Leaving the pictures aside, reproduce the data in full and word for word.
··· MATERIAL PROVIDED
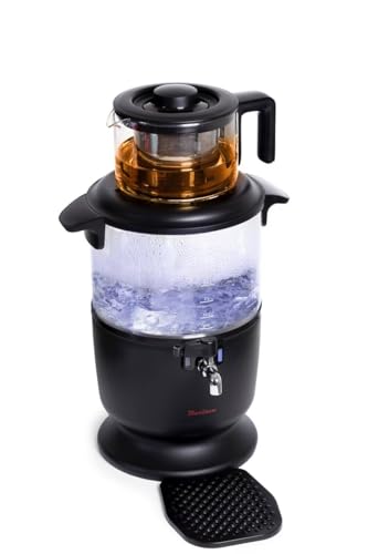 Turkish style samovar with keep warm function and stainless steel filter with two LED light red and blue for boiling and keep warm function and (SCHOTT) glass Germany
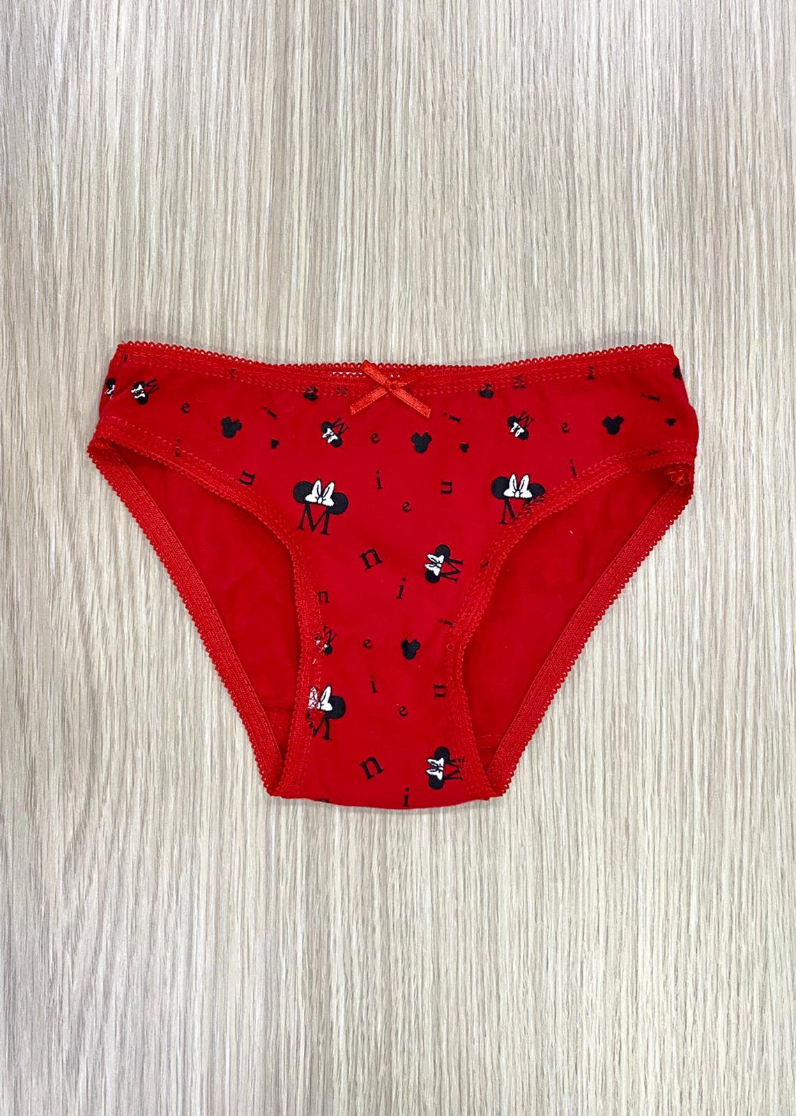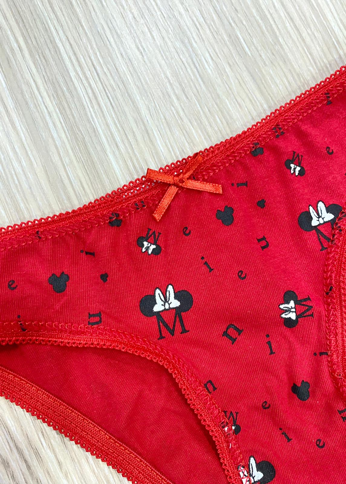 Slip bambina natalizio in cotone, di colore rosso, con stampa Minnie di colore bianco e nero, con applicazione di fiocchetto. 100% Cotone.
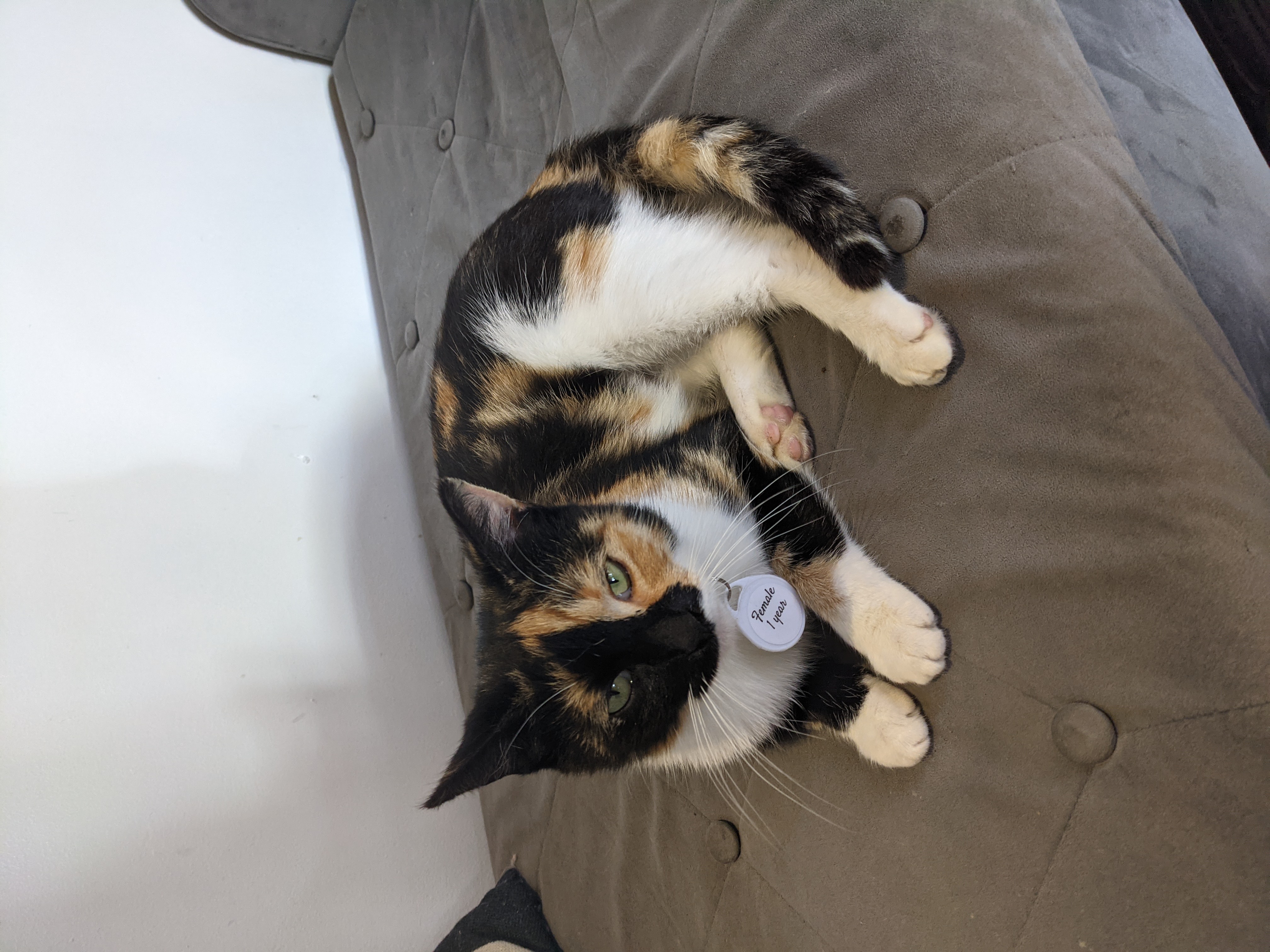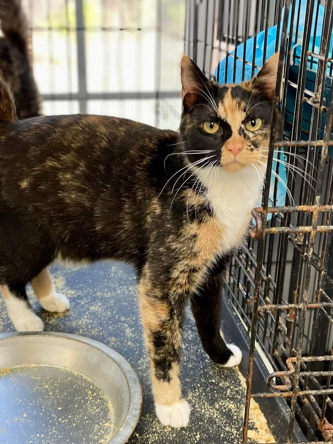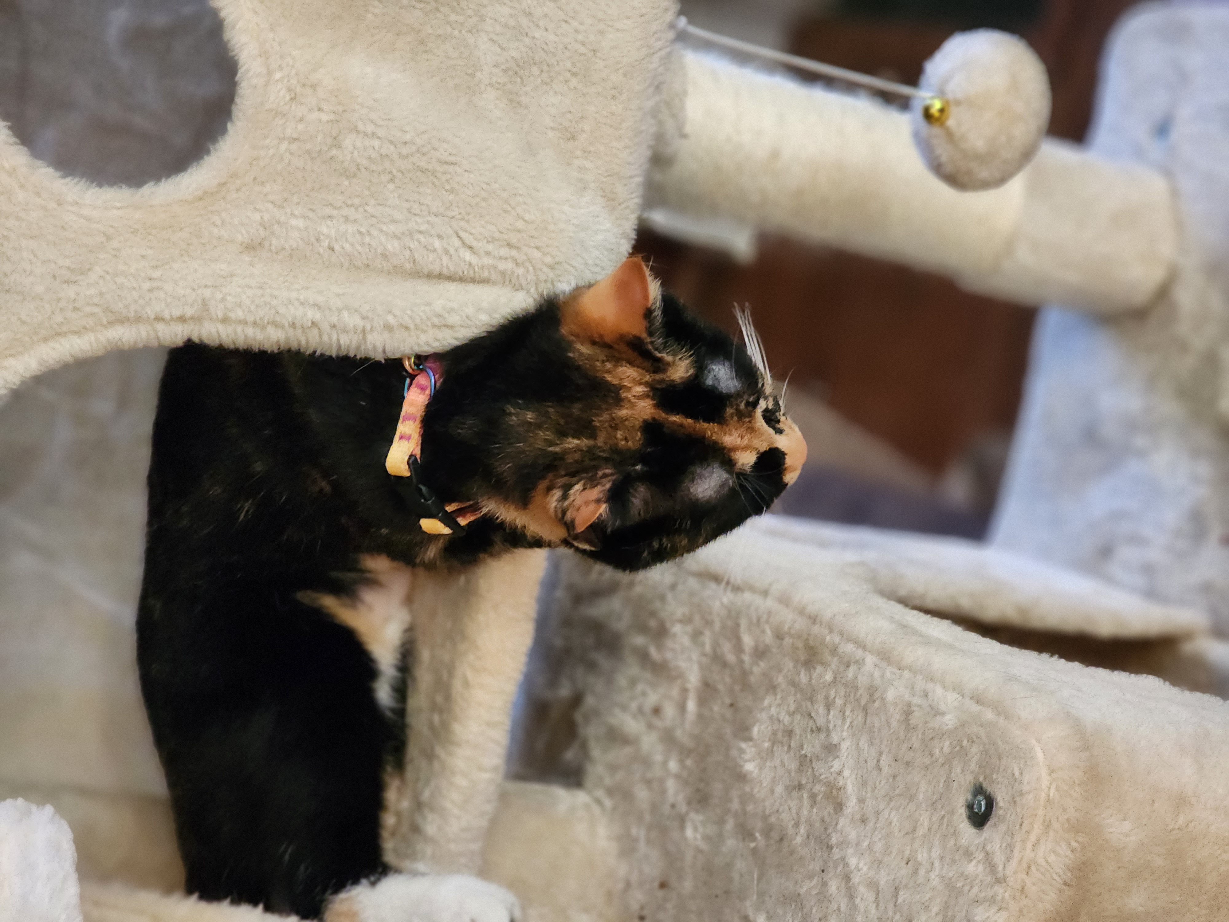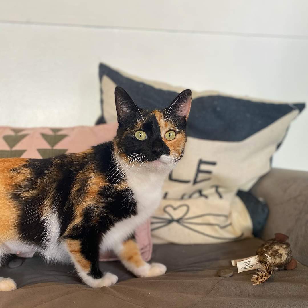 -- Our newest kitty is another calico, whom we've named Shay: at the shelter before we adopted her -- ditto -- closeup of her face -- she rapidly learned to use the cat beds -- she also rapidly learned to climb the cat tree (pictures added February 22, 2023)
······
**EXERCISE SOLUTION**
 Turkish style samovar with keep warm function and stainless steel filter with two LED light red and blue for boiling and keep warm function and (SCHOTT) glass Germany
 Slip bambina natalizio in cotone, di colore rosso, con stampa Minnie di colore bianco e nero, con applicazione di fiocchetto. 100% Cotone.
 -- Our newest kitty is another calico, whom we've named Shay: at the shelter before we adopted her -- ditto -- closeup of her face -- she rapidly learned to use the cat beds -- she also rapidly learned to climb the cat tree (pictures added February 22, 2023)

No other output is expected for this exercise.